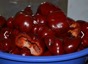 Červené papriky umyjte a osušte. Rozkrájejte je na poloviny a vyjměte z nich stopky a jadřince, stejně jako měkké části se zbytky semínek. Poté čistou dužninu rozkrájejte na plátky o síle kolem 1 až 2 centimetrů.
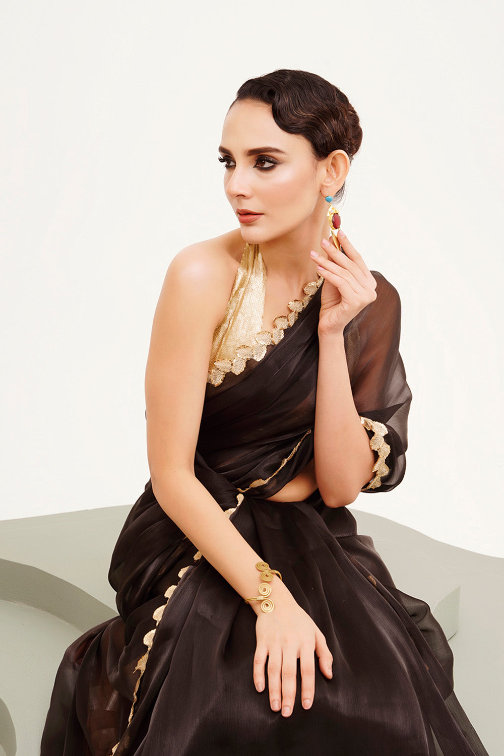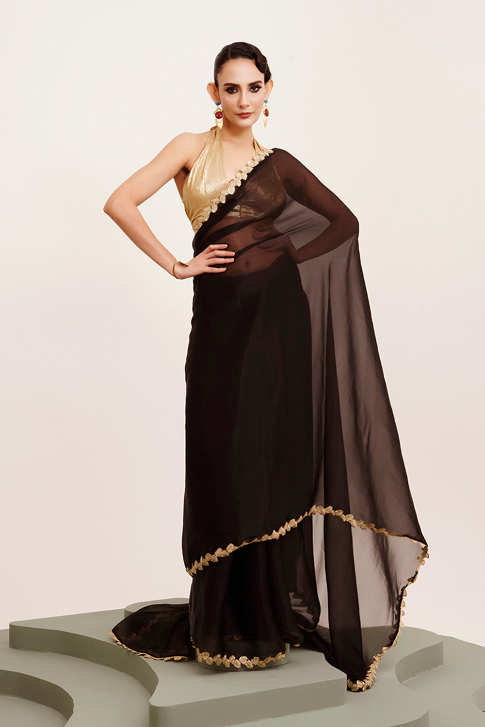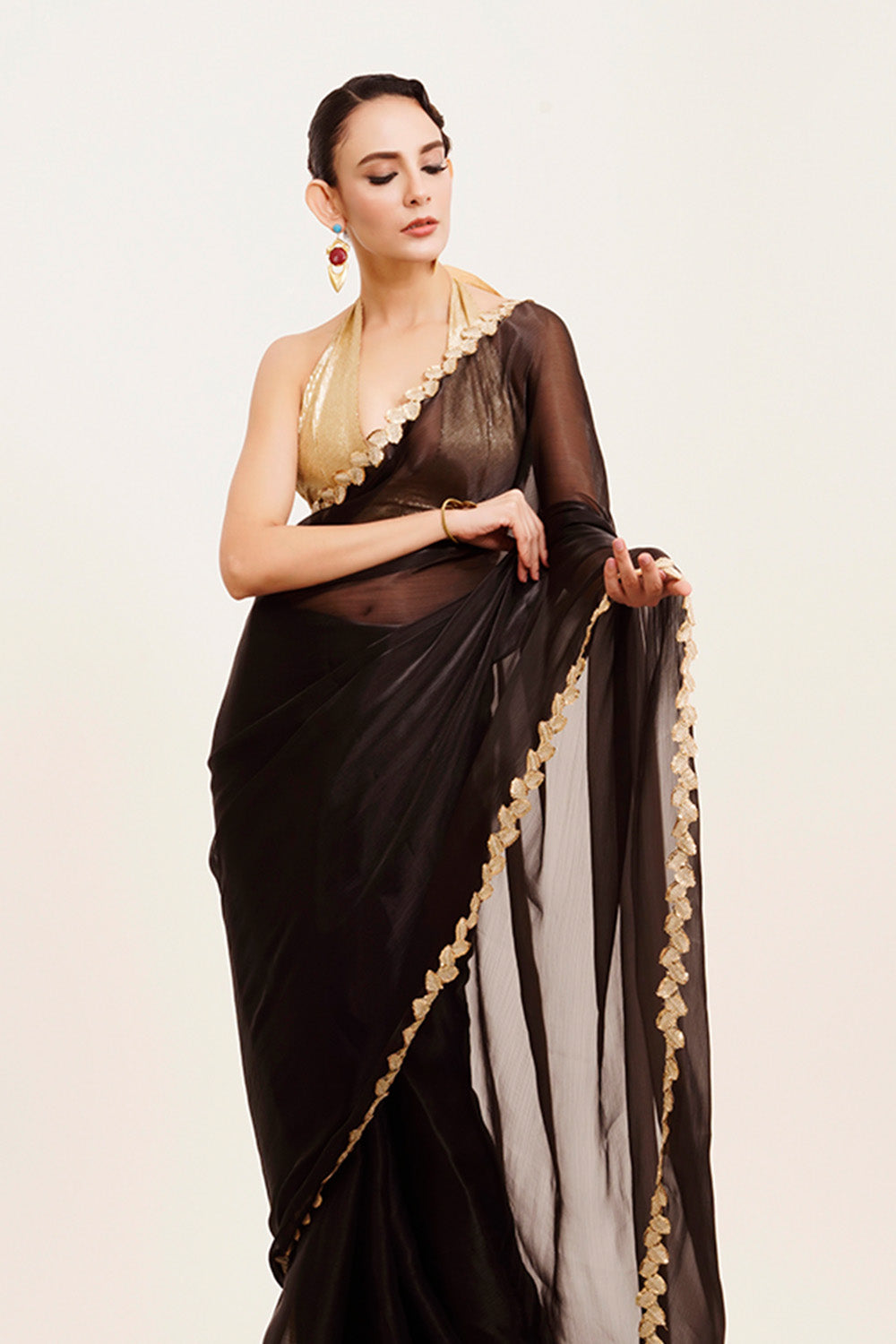 Elevate your style with this Black Sequinned Organza Saree, paired with a matching blouse. Crafted from delicate organza fabric, it offers a lightweight and elegant drape enhanced by shimmering sequins that catch the light beautifully. Perfect for formal occasions, this saree combines traditional charm with a contemporary sparkle, ensuring you stand out with grace and sophistication.
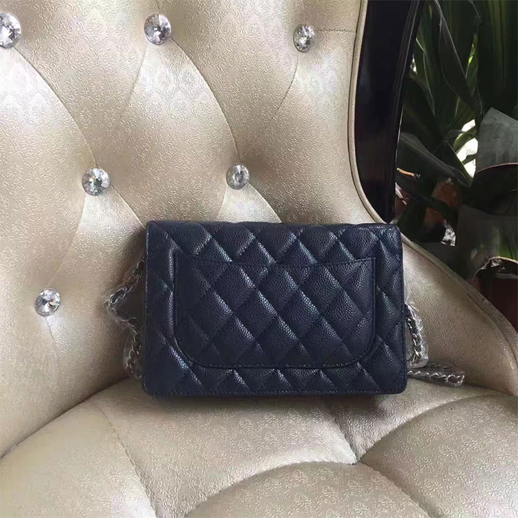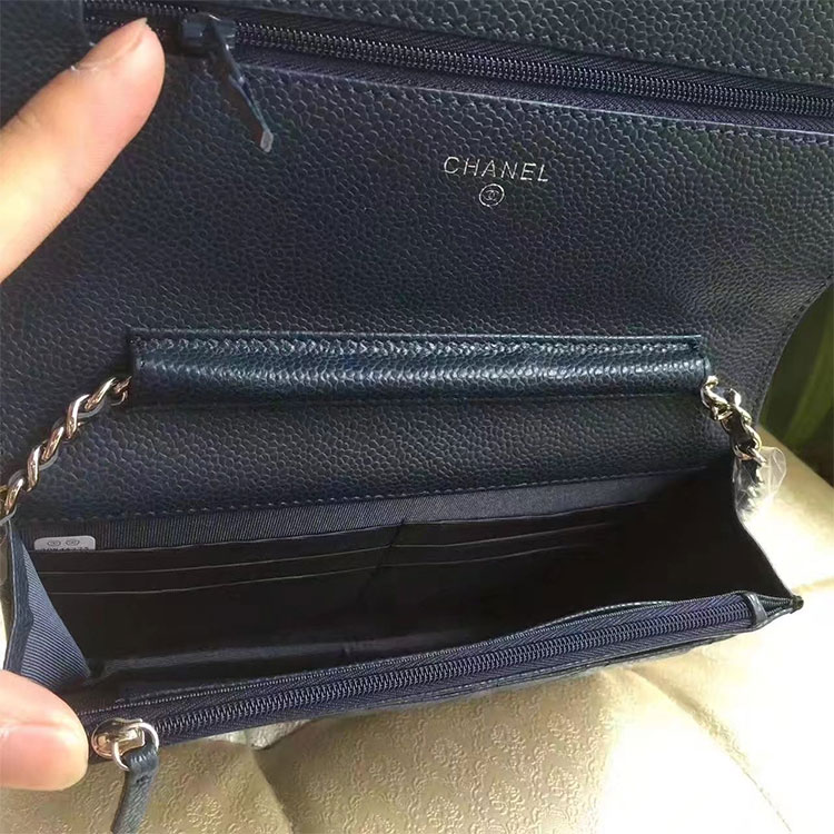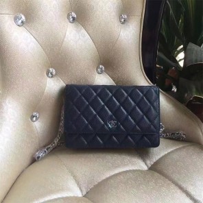 2017 Chanel WOC A33814 Blue Original Caviar Leather Mini Flap Bag Silver
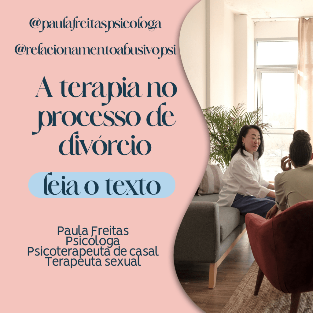 A psicoterapia será muito importante no processo do divórcio e terá um olhar para esse sofrimento com foco terapêutico.

====

[PROBLEM TO SOLVE]
Reproduce exactly and only the lines from the line that contains "2017 Chanel WOC" to the end of the data above, both ends included. No pictures go in the copy.

[SOLUTION FOR THIS TASK]
 2017 Chanel WOC A33814 Blue Original Caviar Leather Mini Flap Bag Silver
 A psicoterapia será muito importante no processo do divórcio e terá um olhar para esse sofrimento com foco terapêutico.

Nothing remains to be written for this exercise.